== What is required ==
Print the lines below from the line with "Demam Berdarah Dengue" to the line with "Una decena de" exactly, keeping both ends, and print no pictures.

== Data to process ==
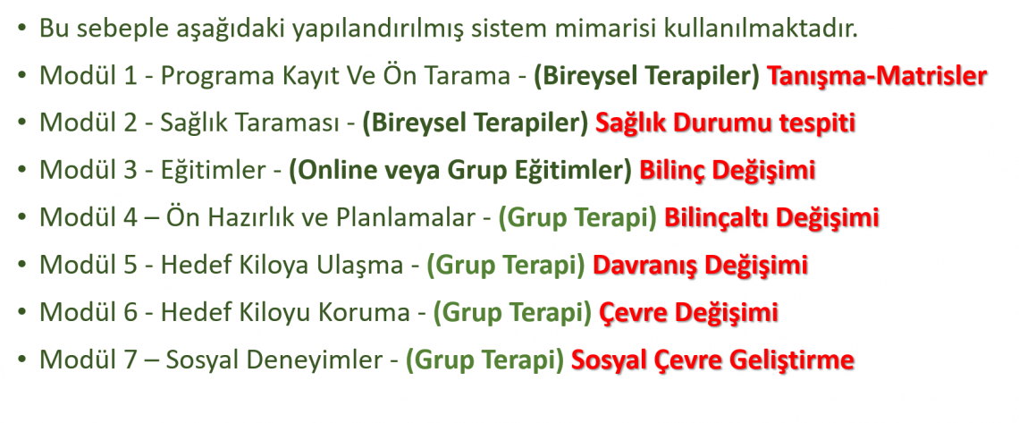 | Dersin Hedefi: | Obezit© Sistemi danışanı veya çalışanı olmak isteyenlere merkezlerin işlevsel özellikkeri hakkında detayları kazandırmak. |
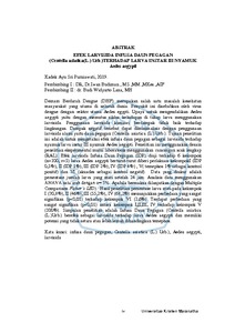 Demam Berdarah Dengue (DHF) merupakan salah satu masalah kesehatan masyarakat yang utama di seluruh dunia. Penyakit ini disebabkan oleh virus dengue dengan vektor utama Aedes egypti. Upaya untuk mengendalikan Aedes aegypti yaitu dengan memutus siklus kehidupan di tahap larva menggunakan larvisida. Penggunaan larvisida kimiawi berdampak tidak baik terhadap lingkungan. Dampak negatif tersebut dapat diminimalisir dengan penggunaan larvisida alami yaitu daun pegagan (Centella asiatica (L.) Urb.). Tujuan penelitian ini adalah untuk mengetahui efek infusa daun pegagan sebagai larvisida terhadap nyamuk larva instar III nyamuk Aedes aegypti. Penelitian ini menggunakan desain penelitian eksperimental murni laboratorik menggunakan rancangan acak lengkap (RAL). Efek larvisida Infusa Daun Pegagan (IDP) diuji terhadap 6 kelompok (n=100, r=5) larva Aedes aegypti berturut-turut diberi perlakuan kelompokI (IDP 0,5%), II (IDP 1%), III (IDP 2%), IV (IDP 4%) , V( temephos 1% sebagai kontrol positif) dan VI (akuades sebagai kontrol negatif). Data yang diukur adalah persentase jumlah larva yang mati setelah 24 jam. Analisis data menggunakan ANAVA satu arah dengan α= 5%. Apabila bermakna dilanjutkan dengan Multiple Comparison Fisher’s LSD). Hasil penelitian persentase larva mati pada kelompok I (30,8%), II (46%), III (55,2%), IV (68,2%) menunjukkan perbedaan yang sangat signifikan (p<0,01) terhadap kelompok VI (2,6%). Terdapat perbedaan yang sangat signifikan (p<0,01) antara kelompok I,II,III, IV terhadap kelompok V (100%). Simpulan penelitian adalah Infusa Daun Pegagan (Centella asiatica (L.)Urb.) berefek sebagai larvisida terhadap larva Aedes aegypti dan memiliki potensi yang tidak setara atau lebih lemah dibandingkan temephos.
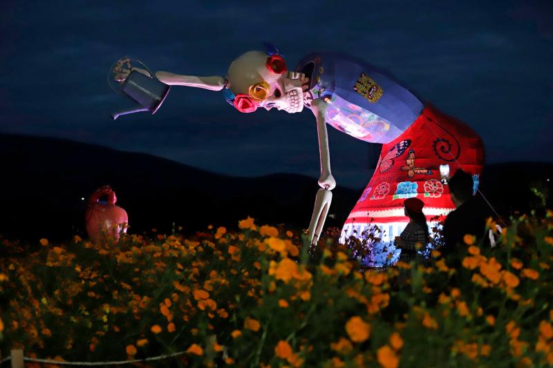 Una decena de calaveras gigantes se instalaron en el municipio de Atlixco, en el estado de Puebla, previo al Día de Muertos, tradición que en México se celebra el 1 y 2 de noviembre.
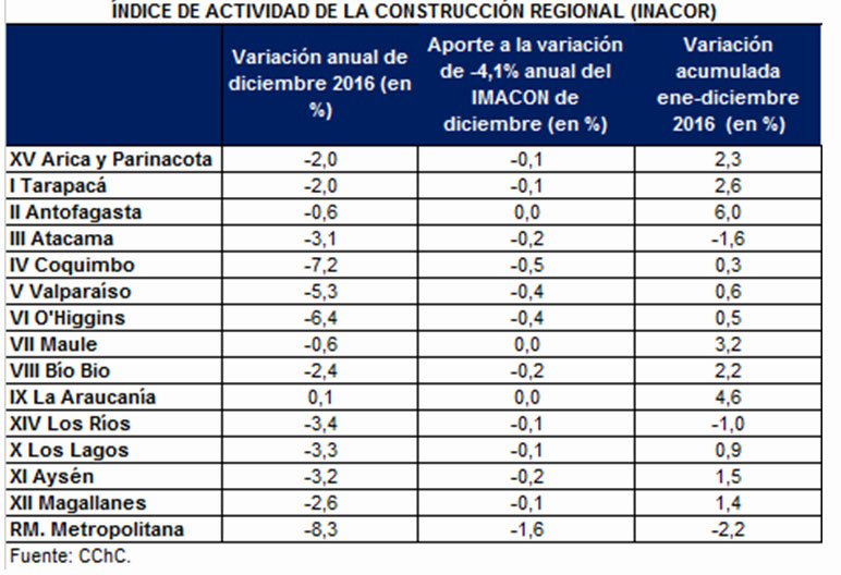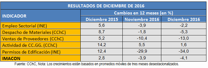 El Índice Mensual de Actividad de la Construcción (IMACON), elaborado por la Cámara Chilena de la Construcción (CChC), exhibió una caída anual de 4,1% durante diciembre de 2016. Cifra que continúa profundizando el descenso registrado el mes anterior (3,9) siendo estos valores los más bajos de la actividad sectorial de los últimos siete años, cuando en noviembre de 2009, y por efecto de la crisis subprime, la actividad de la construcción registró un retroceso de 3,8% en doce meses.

...

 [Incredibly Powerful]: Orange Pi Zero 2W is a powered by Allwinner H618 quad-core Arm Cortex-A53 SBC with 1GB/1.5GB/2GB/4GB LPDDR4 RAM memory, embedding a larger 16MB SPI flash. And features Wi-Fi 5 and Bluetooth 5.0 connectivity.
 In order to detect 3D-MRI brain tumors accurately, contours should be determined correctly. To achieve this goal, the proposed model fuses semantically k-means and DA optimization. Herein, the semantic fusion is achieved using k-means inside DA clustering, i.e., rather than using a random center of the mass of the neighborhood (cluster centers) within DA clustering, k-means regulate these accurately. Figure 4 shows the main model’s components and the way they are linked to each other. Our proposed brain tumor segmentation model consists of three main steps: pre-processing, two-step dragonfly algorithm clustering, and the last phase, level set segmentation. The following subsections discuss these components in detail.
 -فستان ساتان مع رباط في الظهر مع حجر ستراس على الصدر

== Answer space ==
 Demam Berdarah Dengue (DHF) merupakan salah satu masalah kesehatan masyarakat yang utama di seluruh dunia. Penyakit ini disebabkan oleh virus dengue dengan vektor utama Aedes egypti. Upaya untuk mengendalikan Aedes aegypti yaitu dengan memutus siklus kehidupan di tahap larva menggunakan larvisida. Penggunaan larvisida kimiawi berdampak tidak baik terhadap lingkungan. Dampak negatif tersebut dapat diminimalisir dengan penggunaan larvisida alami yaitu daun pegagan (Centella asiatica (L.) Urb.). Tujuan penelitian ini adalah untuk mengetahui efek infusa daun pegagan sebagai larvisida terhadap nyamuk larva instar III nyamuk Aedes aegypti. Penelitian ini menggunakan desain penelitian eksperimental murni laboratorik menggunakan rancangan acak lengkap (RAL). Efek larvisida Infusa Daun Pegagan (IDP) diuji terhadap 6 kelompok (n=100, r=5) larva Aedes aegypti berturut-turut diberi perlakuan kelompokI (IDP 0,5%), II (IDP 1%), III (IDP 2%), IV (IDP 4%) , V( temephos 1% sebagai kontrol positif) dan VI (akuades sebagai kontrol negatif). Data yang diukur adalah persentase jumlah larva yang mati setelah 24 jam. Analisis data menggunakan ANAVA satu arah dengan α= 5%. Apabila bermakna dilanjutkan dengan Multiple Comparison Fisher’s LSD). Hasil penelitian persentase larva mati pada kelompok I (30,8%), II (46%), III (55,2%), IV (68,2%) menunjukkan perbedaan yang sangat signifikan (p<0,01) terhadap kelompok VI (2,6%). Terdapat perbedaan yang sangat signifikan (p<0,01) antara kelompok I,II,III, IV terhadap kelompok V (100%). Simpulan penelitian adalah Infusa Daun Pegagan (Centella asiatica (L.)Urb.) berefek sebagai larvisida terhadap larva Aedes aegypti dan memiliki potensi yang tidak setara atau lebih lemah dibandingkan temephos.
 Una decena de calaveras gigantes se instalaron en el municipio de Atlixco, en el estado de Puebla, previo al Día de Muertos, tradición que en México se celebra el 1 y 2 de noviembre.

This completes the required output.